Что мы помним о Рылееве, из Рылеева? Не так уж мало. Приходит на память образ пяти казненных декабристов, один из которых – Кондратий Федорович. Образ, который в герценовской, да и в советской традиции воспринимался как гражданская святыня.
А еще – стихи про Ивана Сусанина из школьной программы. И – песня про Ермака, ставшая народной. И – афористические строки из думы о Державине:
Он выше всех на свете благ
Общественное благо ставил
И в огненных своих стихах
Святую добродетель славил.
Тут дело, конечно, не только в Державине. Это рылеевское кредо служения Отечеству – в том числе и через бунт. Недаром к нему прикрепился ярлык «революционного романтика». Да и судьба у него выдалась под стать воззрениям. От безупречной воинской биографии – к тайному обществу, в котором Рылеев был одним из признанных вождей. И к эшафоту.
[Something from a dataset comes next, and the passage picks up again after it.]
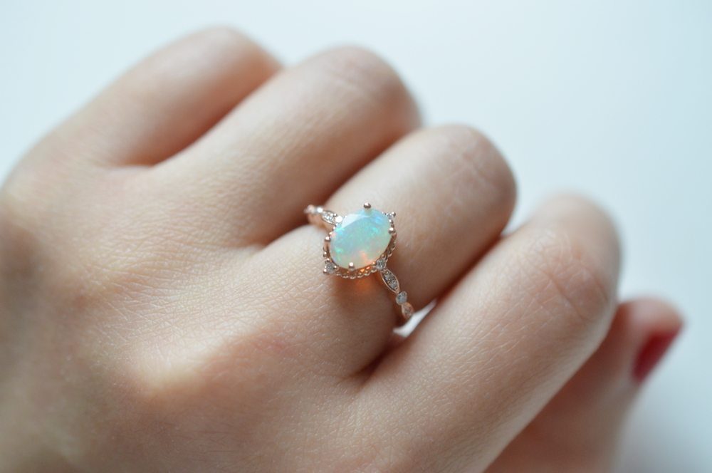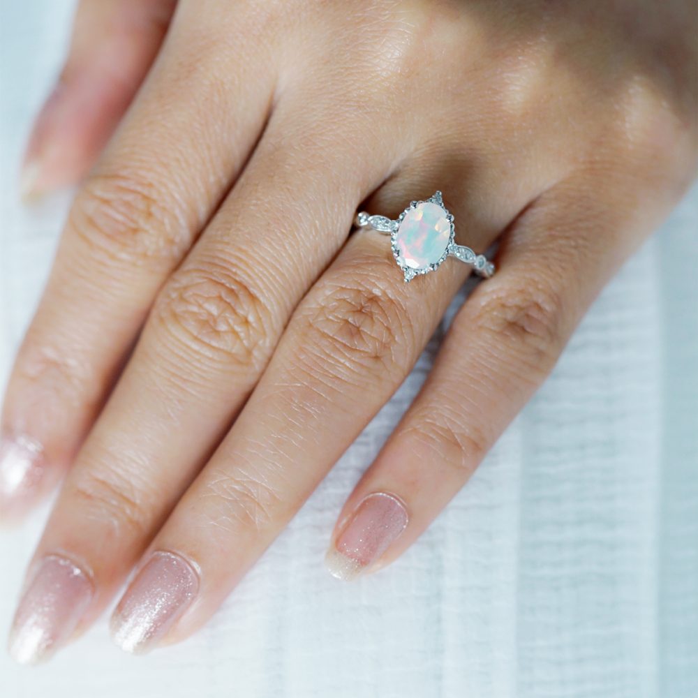 Clear, bright and famous-the perfect “Clara” description. The delicate, vintage design and femininity of this ring generate a great sense of uniqueness to the lady wearing it. The oval opal gemstone mounted onto a special twisted band represents a timeless bond of love and affection that connects two people. Despite the fact that our “Clara” is an engagement ring, she’s also an essential piece that resists time and trends.

Судьба из материнского сна
Декабристы нынче всё реже вызывают восхищение, да и элементарного уважения не хватает. Многие сегодня исповедуют всеядное охранительство. Если против чего-то бунтовали, подняли мятеж – значит, негодяи, возмутители священного спокойствия, враги народа и государства.
Но в декабре 1825 года ситуация была – запутаннее некуда. И декабристы (в большинстве) отстаивали патриотическое отношение к Отечеству, которое нередко входило в противоречие с оголтелым монархизмом. Среди декабристов было немало выдающихся мыслителей, поэтов, публицистов.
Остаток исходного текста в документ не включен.